The moon, Jupiter and Spica gather for a pretty grouping on Tuesday night, March 14. About three outstretched fists to their upper left, you’ll also see the bright, orange-red star Arcturus in the constellation Bootes. Created with Stellarium

After a busy weekend watching moonrises and lunar halos a guy needs a break. Today we catch our breath, astronomically speaking, so we can prepare for an exciting moon-star-planet conjunction and the return of Mercury on Tuesday.

We’re now on UUT, universally unwanted time, better known as daylight saving time.  Studies have shown that DST doesn’t save energy, and no one I know likes getting up an hour earlier or remembering they have 13 clocks to change including the dreaded car clock. Some of us have fuzzier feelings about getting the hour back in November, but I think most would be happier to be rid of it altogether.

Mercury returns to the evening sky just as Venus prepares to leave it. Look for the two planets one fist apart Tuesday evening low in the west after sundown. They’ll be closest together (about 8 degrees) on the Saturday the 18th and about level with each other. Created with Stellarium

Let me give you an example of why the time change can be difficult on skywatchers. Tuesday evening (March 14) there’s a sweet alignment of the waning gibbous moon, Jupiter and Virgo’s brightest star, Spica. They’ll form an attractive and eye-catching triangle in the eastern sky when they clear the horizon after about 10:30 p.m. Were it not for daylight time, the trio would be easy to see around 9:30 p.m. and accessible to many more observers.

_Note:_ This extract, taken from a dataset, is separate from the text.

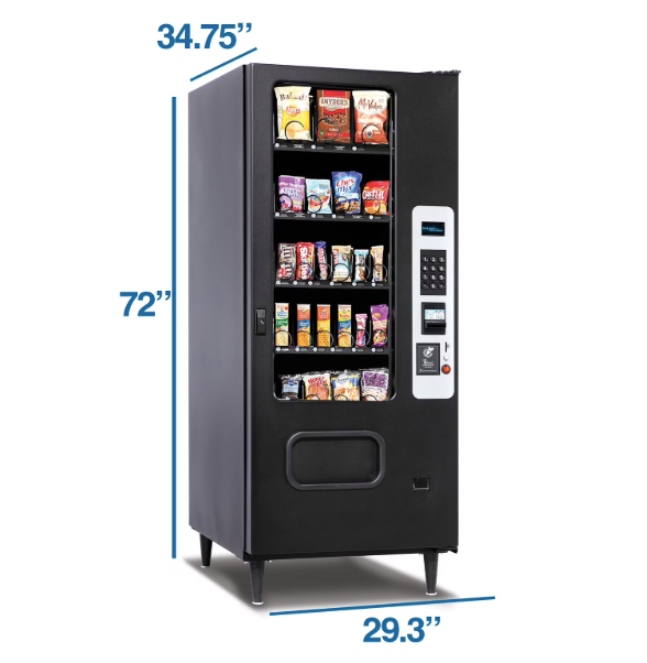 Selectivend SV3000 Vending Machine is a top-of-the line indoor snack vending machine featuring a glass front and live-display with bright LED lighting. Load up your snack machine with up to 23 different items, including seven types of chips, 12 smaller snack or candy options and four pastry options. With pull-out tilting trays, loading your customers’ favorite snacks is convenient. Select lower calorie and highly nutritious options to turn the SV3000 into a healthy vending machine for your customers!

But no. Because we advanced our clocks an hour forward, this pretty sight comes up around 10:30, when many of us will be standing in the bathroom brushing our teeth before turning in. Still, I hope you go out to see it 🙂

As Venus approaches conjunction with the sun on March 25, it’s becoming a very thin crescent. A pair of carefully-focused 7x to 10x binoculars will show the shape. Try it – you’ll be amazed. Credit: John Chumack

Yet another event happens tomorrow that’s easier on the sleep schedule. We talked recently about Venus slowly then more suddenly dropping back toward the sun in the evening sky. Lo and behold, just as Venus departs, we get a substitute planet! Mercury rises up in the western sky and puts in one of its best appearances of the year beginning this week and continuing into the first week of April.

Currently as bright as Sirius (the brightest star), Mercury should quickly become fairly easy to see as the week wears on. To be sure you see it, find a spot with a wide open view of the western horizon and start looking for the two planets about a half hour after sunset.